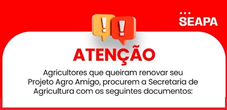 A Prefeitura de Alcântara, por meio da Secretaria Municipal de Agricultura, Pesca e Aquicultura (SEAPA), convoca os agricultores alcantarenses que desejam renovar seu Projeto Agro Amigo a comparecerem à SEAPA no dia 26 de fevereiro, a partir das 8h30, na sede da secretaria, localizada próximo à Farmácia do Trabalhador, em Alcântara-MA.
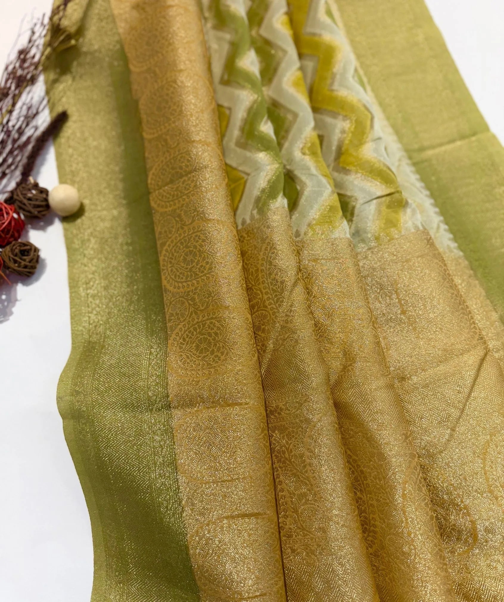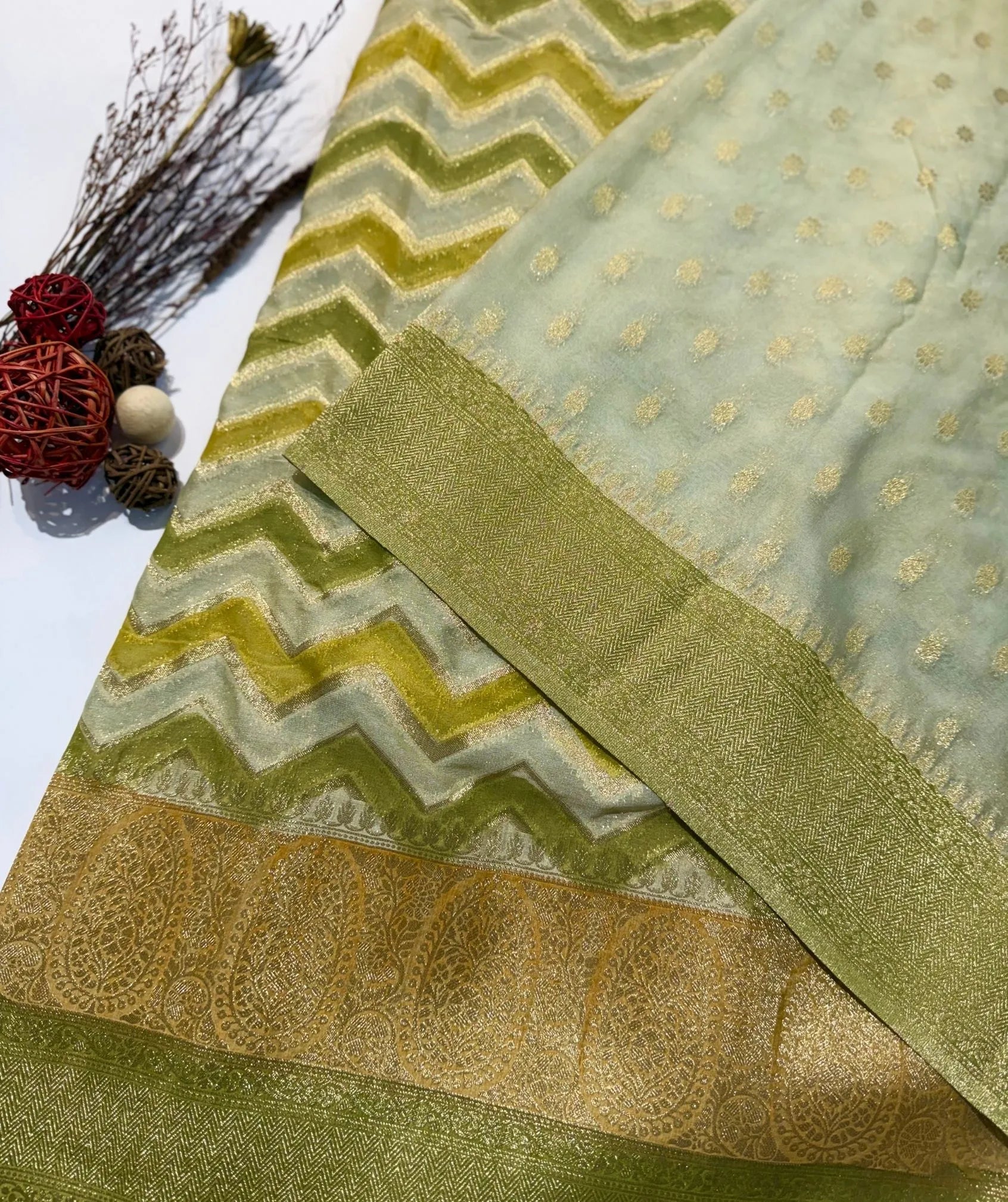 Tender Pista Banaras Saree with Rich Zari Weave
---
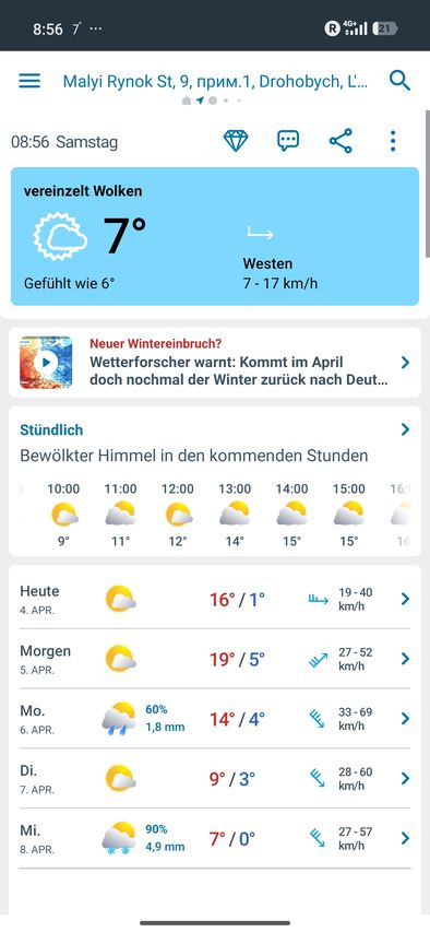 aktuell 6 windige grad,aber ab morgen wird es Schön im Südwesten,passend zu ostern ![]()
--
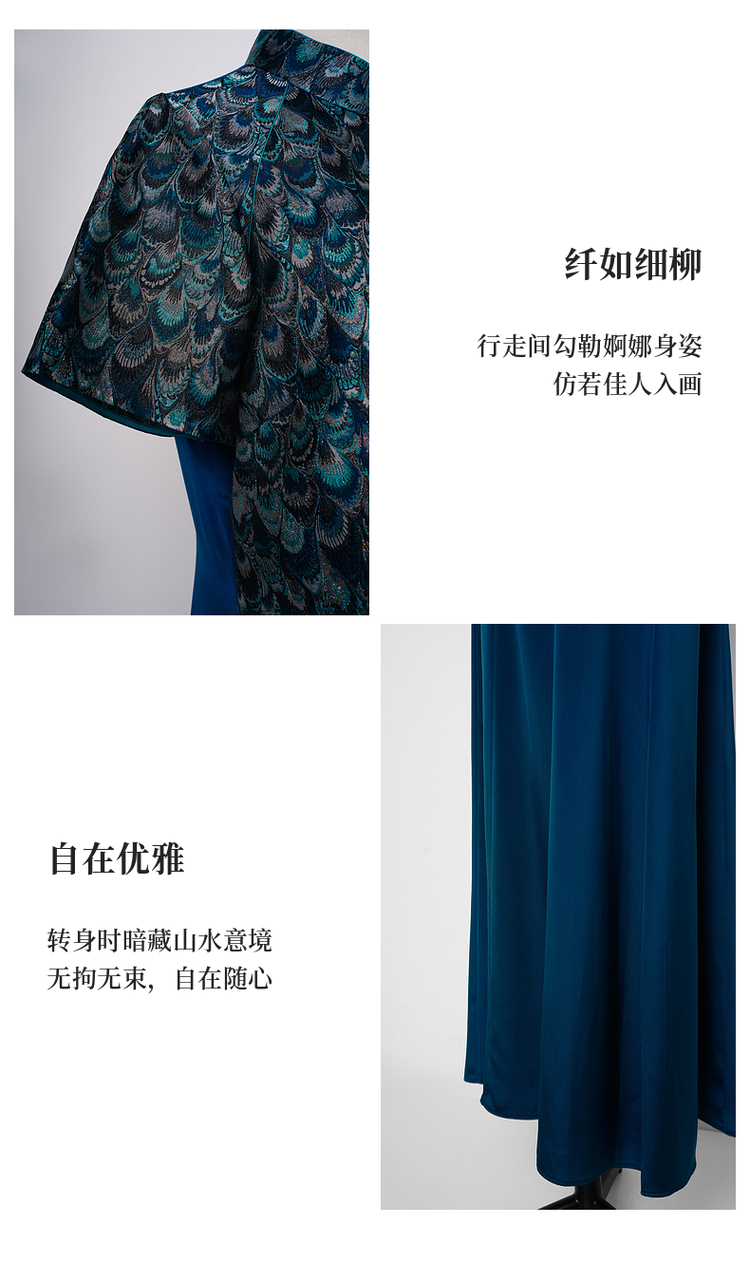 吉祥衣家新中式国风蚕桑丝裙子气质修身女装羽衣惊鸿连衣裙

**Problem description**
Repeat exactly the lines above, from the line that contains "A Prefeitura de" down through the line that contains "Tender Pista Banaras". Include both of those lines and none of the pictures.

**Answer space**
 A Prefeitura de Alcântara, por meio da Secretaria Municipal de Agricultura, Pesca e Aquicultura (SEAPA), convoca os agricultores alcantarenses que desejam renovar seu Projeto Agro Amigo a comparecerem à SEAPA no dia 26 de fevereiro, a partir das 8h30, na sede da secretaria, localizada próximo à Farmácia do Trabalhador, em Alcântara-MA.
 Tender Pista Banaras Saree with Rich Zari Weave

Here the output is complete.